**WHAT NEEDS TO BE DONE:** Each line from the one holding "将专用于电性能测试的C9对接" to the last line below must be restated word for word, and no picture may be included.

**MATERIAL PROVIDED:**
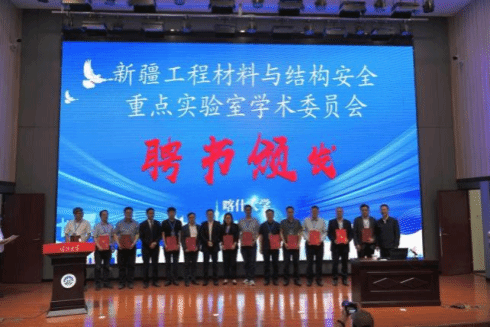 揭牌仪式上,爱玩棋牌游戏中心党委常委、副校长罗浩波和喀什地区行政公署副专员刘四宏为实验室揭牌,并为实验室学术委员会委员颁发聘书。
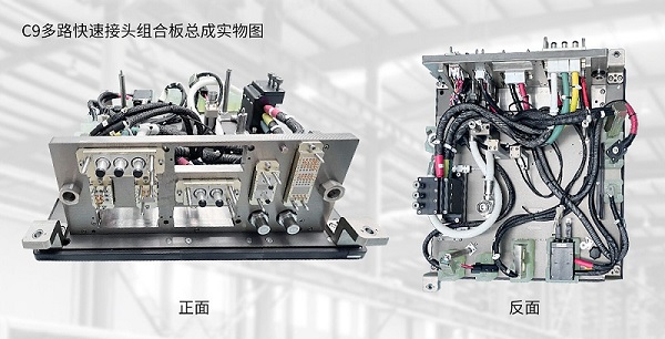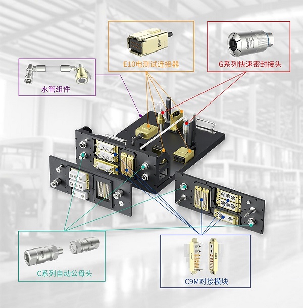 将专用于电性能测试的C9对接模块与高可靠性的E10系列电接头集成于统一的C9多路快速接头组合板总成中,能够同步满足UVW高压、驱动大电流及低压信号等复杂的测试需求。该集成方案完全契合华为DriveONE多合一电驱动系统对测试效率、精度及可靠性的严格要求。
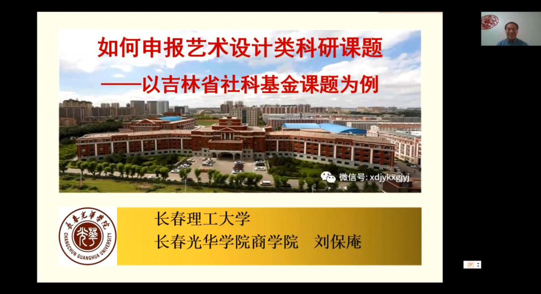为进一步提高艺术设计学院教师科研工作的认知和提升科研能力,增强艺术设计学院科研学术氛围,2021年2月24日上午,艺术设计学院邀请我校商学院刘保庵教授,通过腾讯会议平台,以《如何申报艺术设计类科研课题》主题讲座,我院全体教师人员参加此次培训。

**EXPECTED ANSWER:**
 将专用于电性能测试的C9对接模块与高可靠性的E10系列电接头集成于统一的C9多路快速接头组合板总成中,能够同步满足UVW高压、驱动大电流及低压信号等复杂的测试需求。该集成方案完全契合华为DriveONE多合一电驱动系统对测试效率、精度及可靠性的严格要求。
为进一步提高艺术设计学院教师科研工作的认知和提升科研能力,增强艺术设计学院科研学术氛围,2021年2月24日上午,艺术设计学院邀请我校商学院刘保庵教授,通过腾讯会议平台,以《如何申报艺术设计类科研课题》主题讲座,我院全体教师人员参加此次培训。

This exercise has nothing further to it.